[proofplan]
We identify the Poincaré dual of $[N]$ by passing through the tubular neighbourhood theorem. The normal bundle $\nu_{N \subseteq M}$ embeds as an open neighbourhood $U$ of $N$ in $M$, and the fundamental class $[N]$ corresponds via excision and Poincaré duality to the Thom class $\mathcal{E}_{N \subseteq M}$ of the normal bundle. Extending the Thom class by zero to all of $M$ produces a class in $H^{d-n}(M; R)$ that equals $D_M^{-1}([N])$, verified by checking the cap product formula fiberwise.
[/proofplan]
[step:Embed the normal bundle as a tubular neighbourhood]
Let $M$ be a $d$-dimensional $R$-oriented manifold and $N \subset M$ a closed $n$-dimensional $R$-oriented submanifold.

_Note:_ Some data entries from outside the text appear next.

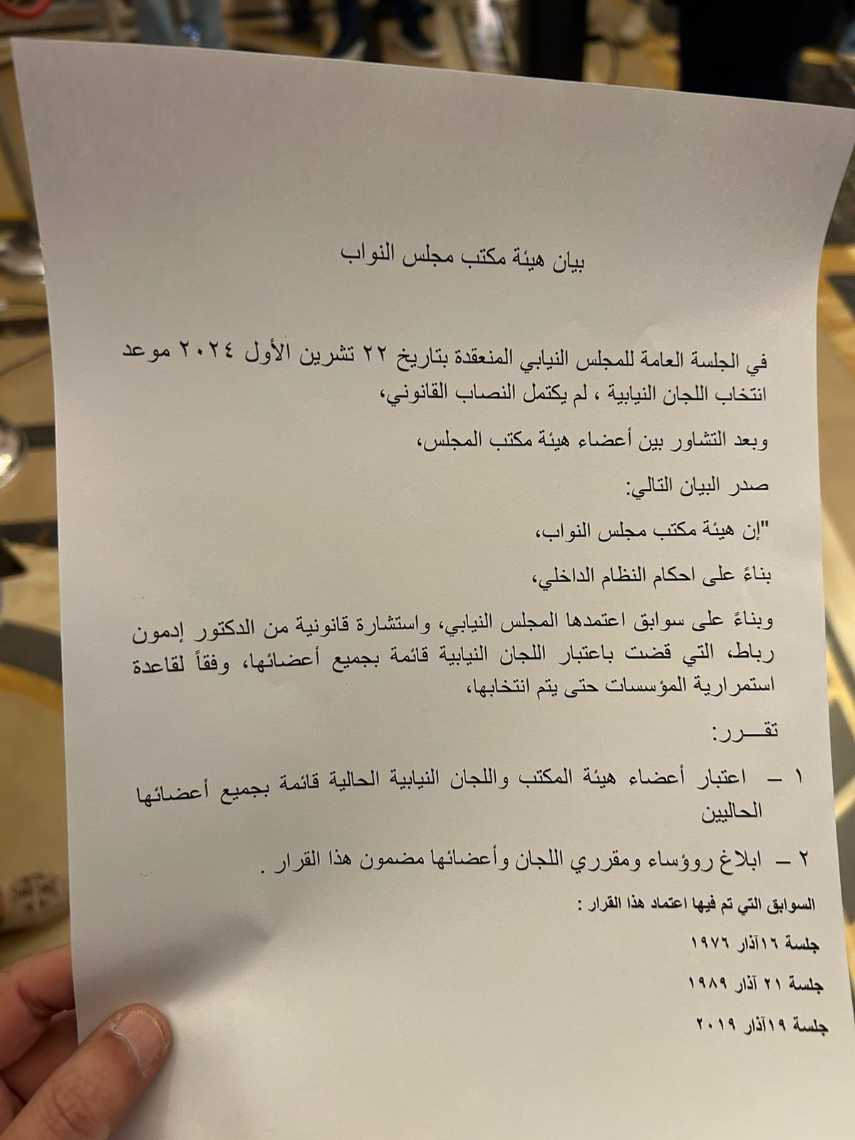 بيان، جاء فيه أنّه تقرّر إعتبار هيئة المكتب واللجان النيابية الحالية قائمة بجميع أعضائها الحاليين.
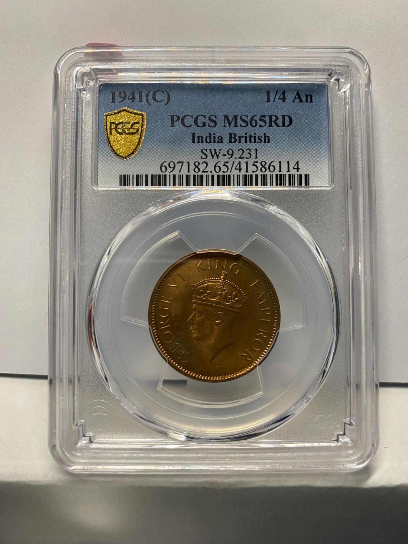 印度 British, 1/4 Anna 銅幣, 1941 C, SW-9.231, PCGS MS65RD, India British, 1/4 Anna bronze coin, 1941 C, SW-9.231, PCGS MS65RD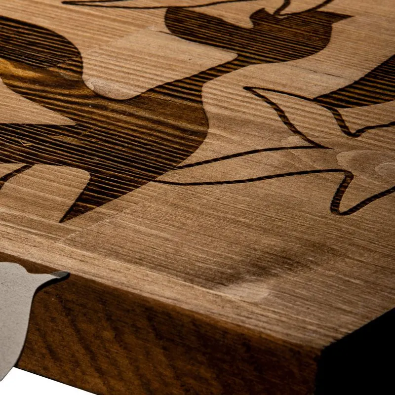 - Κατασκευασμένο από ξύλο πεύκου υψηλής ποιότητας (3cm) με το σχέδιο να είναι κατασκευασμένο από μέταλλο σε μαύρο χρώμα (1,2mm).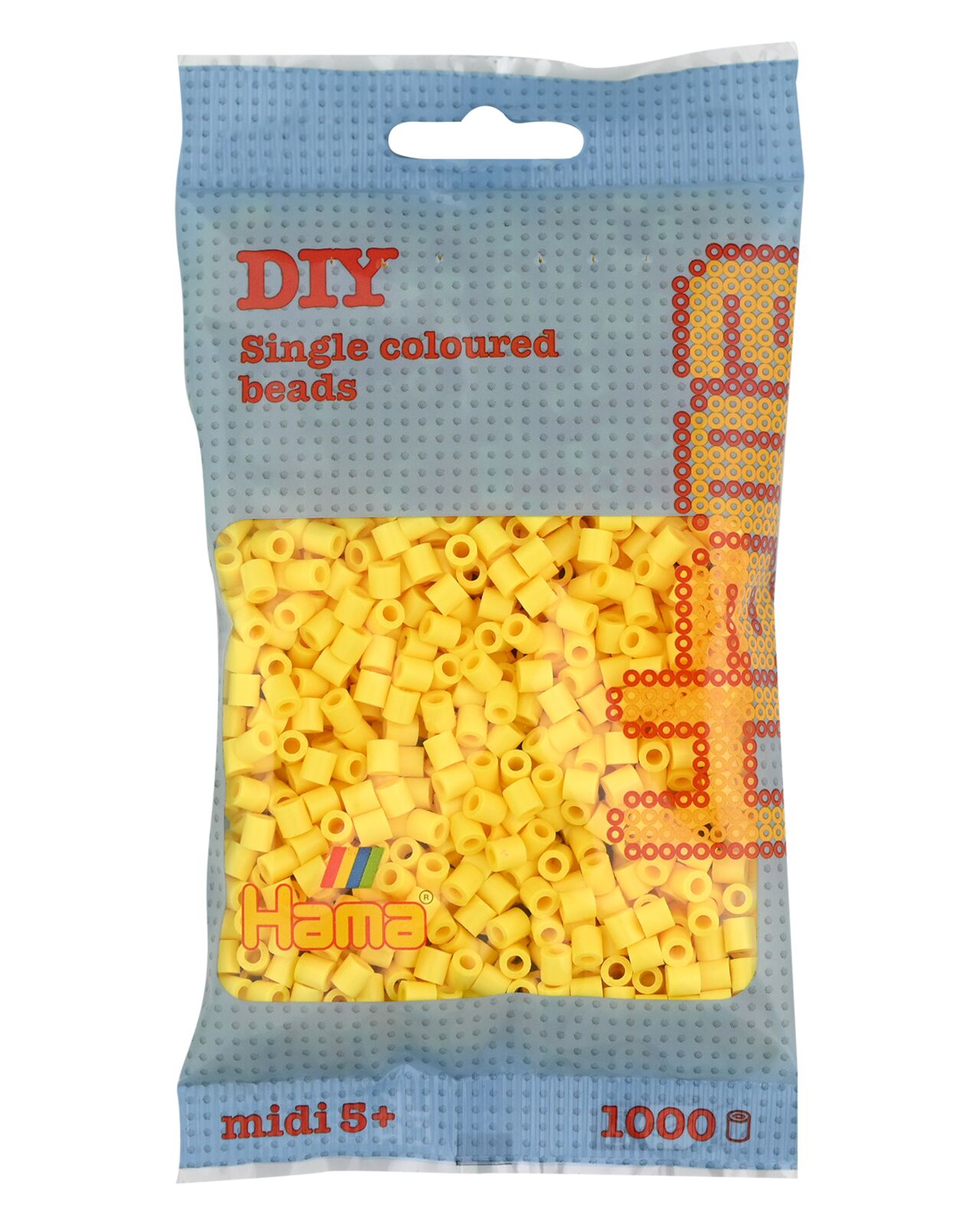 1000 darabos világos sárga színű vasalható gyöngy. Más színekkel kombinálva alkothatunk vele kedves állat- vagy emberfigurákat, poháralátéteket, vagy akár ajándéktárgyakat. Segítségképpen használhatunk Hama ötletfüzetet is, de hagyatkozhatunk akár a fantáziánkra is.

The normal bundle $\nu_{N \subseteq M}$ has fiber dimension $d - n$. By the tubular neighbourhood theorem, there exists an open neighbourhood $U$ of $N$ in $M$ and a diffeomorphism
\begin{align*}
\phi: \nu_{N \subseteq M} \xrightarrow{\;\sim\;} U
\end{align*}
that restricts to the identity on the zero section $N \hookrightarrow \nu_{N \subseteq M}$. This identifies $U$ with the total space of $\nu_{N \subseteq M}$, and the complement $U \setminus N$ corresponds to the deleted bundle $\nu_{N \subseteq M}^\#$.
[/step]
[step:Identify the Thom class via local cohomology and excision]

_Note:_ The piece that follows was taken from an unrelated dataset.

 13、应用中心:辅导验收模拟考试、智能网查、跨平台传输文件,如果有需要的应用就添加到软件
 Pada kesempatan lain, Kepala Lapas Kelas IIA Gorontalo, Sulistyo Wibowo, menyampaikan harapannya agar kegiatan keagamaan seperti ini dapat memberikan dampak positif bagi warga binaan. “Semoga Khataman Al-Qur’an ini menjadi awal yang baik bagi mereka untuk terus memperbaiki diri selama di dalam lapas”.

The Thom class $\mathcal{E}_{N \subseteq M} \in H^{d-n}(\nu_{N \subseteq M}, \nu_{N \subseteq M}^\#; R)$ is the unique class provided by the [Thom Isomorphism Theorem](/theorems/2283) whose restriction to each fiber $((\nu_{N \subseteq M})_x, (\nu_{N \subseteq M})_x^\#) \cong (\mathbb{R}^{d-n}, \mathbb{R}^{d-n} \setminus \{0\})$ is the orientation class $\varepsilon_x$.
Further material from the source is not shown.